Department of Cardiology, Stavanger University Hospital, PO Box 8100, 4068 Stavanger, Norway.
Eur J Prev Cardiol. 2012 Aug;19(4):804-12. doi: 10.1177/1741826711414624.
Indications for implantable cardioverter defibrillators (ICDs) have been widened considerably during the last decade due to the well-documented effect in the heart failure population. Exercise training (ET) has a 1A recommendation in heart failure. However, data on safety and efficacy of ET in patients with ICDs is sparse. ICD shocks are associated with reduced quality of life and increased mortality. Whether ET may have a beneficial effect in heart failure patients with an ICD is not well documented.
This review is based on a systematic search in the Pub Med database using the terms 'exercise training', 'implantable cardioverter defibrillator', and 'cardiac rehabilitation'.

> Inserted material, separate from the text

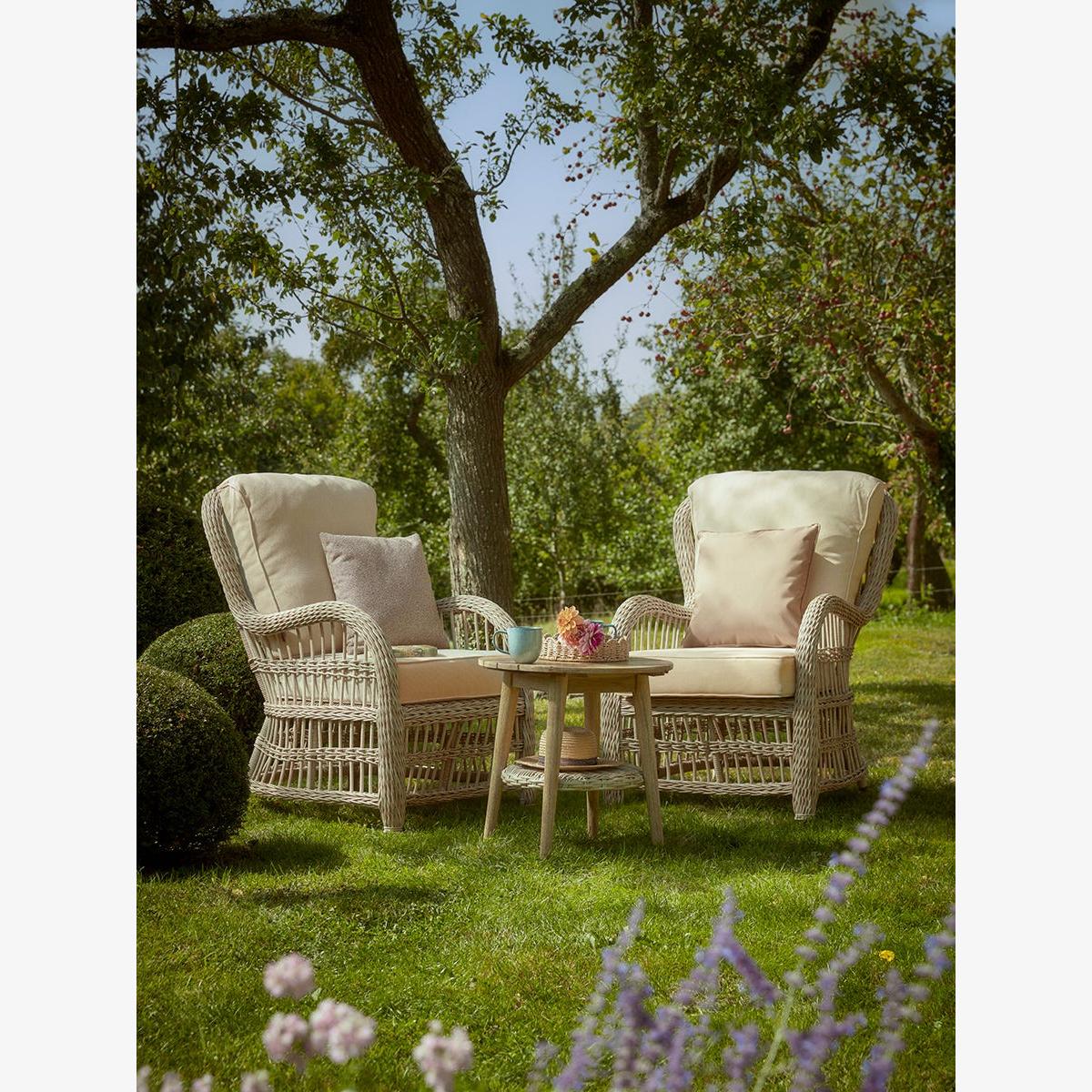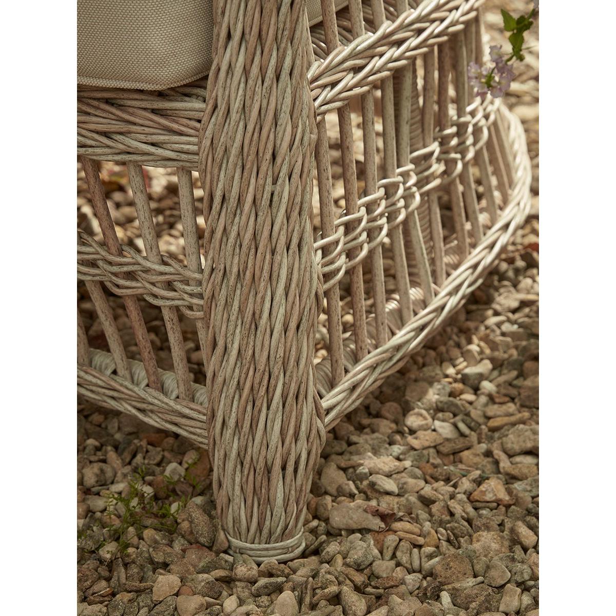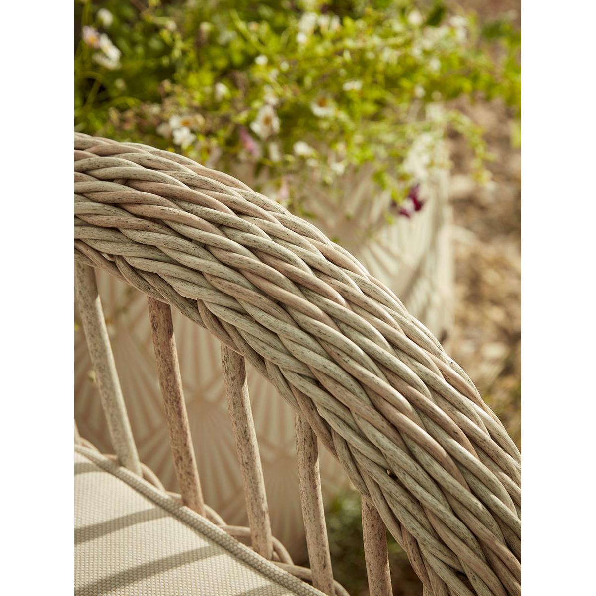 Relish in the nostalgia of Grannys cottage with our Barolo Bistro Set. Set up in your garden and relax into the high backs and super soft cushions for the most comfortable and snug place to while away the summer days with a ice cool drink and good book. Made from a blonde wicker, these frames have a cool tone and are paired with light-washed cushion for an airy and whimsical feel to your garden.
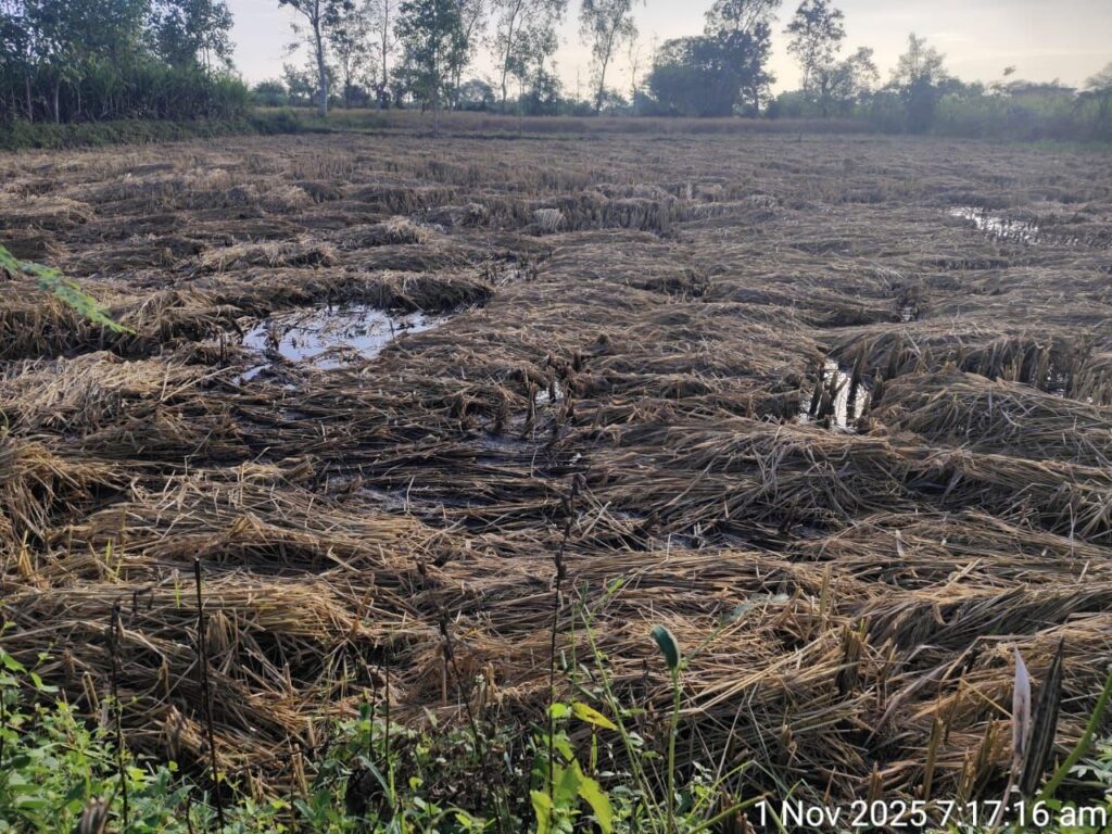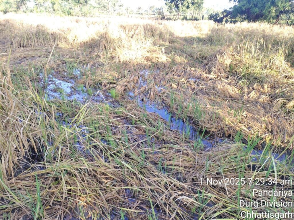 टीकम निर्मलकर AP न्यूज़ पंडरिया : चक्रवात मोन्था के असर से छत्तीसगढ़ के कई जिलों में हुई लगातार बारिश ने किसानों की मेहनत पर पानी फेर दिया है। शुक्रवार को कवर्धा और पंडरिया में हुई तेज बारिश से खेतों में पहले से कटी हुई फसलें पूरी तरह बर्बाद हो गईं। फसलें डूबने और सड़ने से निराश एक किसान खेत में ही टूटकर गिर पड़ा। यह दृश्य देखकर आसपास के ग्रामीण भी भावुक हो उठे।

Nine studies were identified, comprising 1889 patients. The average duration of exercise-based cardiac rehabilitation (CR) was 9.6 weeks. Ten ICD therapies (seven shocks) were reported in the 834 patients with ICD during ET. Between exercise sessions and during follow up 182 events were recorded including 166 shocks. Three studies (2 randomized) showed that the control group representing sedentary patients were more prone to ICD discharge than patients undergoing CR/ET. In all studies the ICD patients improved their aerobic fitness following ET. Few studies report data on the effect of ET on anxiety and depression.
Based on the current literature, ET in patients with an ICD seems to be safe and is not associated with increased risk of shocks. ET improves aerobic capacity in ICD patients, while effects on anxiety, depression and quality of life are still under debate.
由于心力衰竭人群中已有充分文献证明的疗效,植入式心脏复律除颤器(ICD)的适应证在过去十年中得到了极大的扩展。运动训练(ET)在心力衰竭中有 1A 级推荐。然而,关于 ICD 患者 ET 的安全性和疗效的数据却很少。ICD 电击会降低生活质量并增加死亡率。ET 是否对有 ICD 的心力衰竭患者有益,目前还没有很好的记录。
这篇综述是基于在 Pub Med 数据库中使用“运动训练”、“植入式心脏复律除颤器”和“心脏康复”这三个术语进行系统搜索得出的。
确定了 9 项研究,共纳入 1889 名患者。基于运动的心脏康复(CR)的平均持续时间为 9.6 周。在进行 ET 的 834 名 ICD 患者中,报告了 10 次 ICD 治疗(7 次电击)。在运动训练期间和随访期间记录了 182 次事件,包括 166 次电击。有 3 项研究(2 项为随机研究)表明,接受 CR/ET 的患者比对照组(久坐的患者)更不容易发生 ICD 放电。所有研究均表明,ICD 患者在接受 ET 后,有氧运动能力得到改善。很少有研究报告 ET 对焦虑和抑郁的影响的数据。
根据目前的文献,ICD 患者进行 ET 似乎是安全的,并且不会增加电击风险。ET 可提高 ICD 患者的有氧能力,而对焦虑、抑郁和生活质量的影响仍存在争议。